Our television cable presents us with more than 300 channels–all of which have talking heads. News anchors yield to correspondents; celebrities and wanna-be’s host talk shows; retired athletes sit at a curved desk speculating on which records are about to be broken… How many hundred experts ARE there? And which ones should we attend to? Or none at all? This weekend’s scriptures claim some aural allegiance for a Holy Revelation to those who can clear the daily cacophany from their souls…
Jeremiah, often an unwilling prophet, introduces us to his Call in chapter 1:4-10. The story is told not only to express Jeremiah’s felt vulnerability (and our own!), but also to present a God who sustains and mentors those who are drafted. Here is a “driving passion of God to be engaged with God’s people….and the essential God-given role of human beings…to bear God’s passionate word into the world.” (Sally A. Brown, in FEASTING on the WORD, C 3:367)
We’re still reading from the Letter to the Hebrews, that anonymous treatise which reminds those steeped in Hebrew holy-history that Jesus, “the mediator of a new covenant” is the legitimate fulfillment of all that has gone before.

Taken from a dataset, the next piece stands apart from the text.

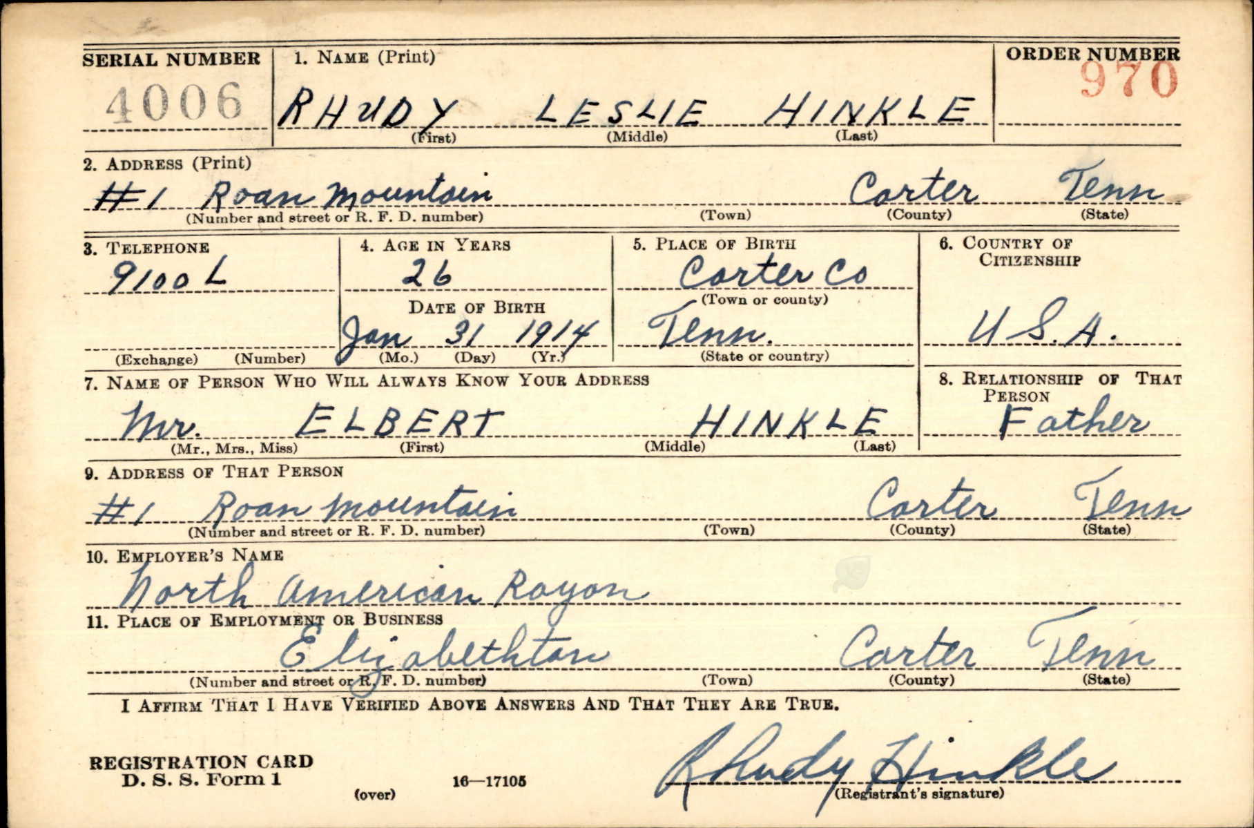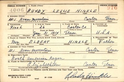 Also a brother of Mrs. L.E. Burleson of Newland, N.C., Mrs. Mary Ficken, and Roy Hinkle of Roan Mountain, Hinkle in civilian life was employed in the fine instruments department of an Elizabethton rayon corporation.

In 12:25, we read, “See that you do not refuse the one who is speaking”, seen here as a voice of warning: just as your Mother told you that you’d drown if you didn’t wait an hour after a meal to go swimming. The core message here seems to offer Mt. Zion as a stable alternative to the capricious shaking of Mt. Sinai, with all the imagery in attendance.
On the surface, Luke 13:10-17 looks like another healing story demonstrating Jesus’ deep sympathy for the mishaps and brokenness around him. And it is. A “daughter of Abraham” who’d been in bondage to evil for a LONG time was set free! At a deeper level, it also contrasts the Old Law (no healing or other work on the Sabbath) with the New Understanding of meeting need with compassion. The dialogue between the Old and New is super-important: it opens “religion” to a sense of God’s interaction in daily affairs. Again, it was what Jesus SAID that shamed his opponents and set the entire crowd rejoicing!
Sadly, much mischief has been done when popular Talking Heads announce that “God has said this”. Who can refute that when God is invoked, serious ears must be receptive? Jeremiah could scarcely believe his ears, and those encountering Jesus as the Christ were called first to discernment of authority. These readings answer few solutions, but pose wonderful questions!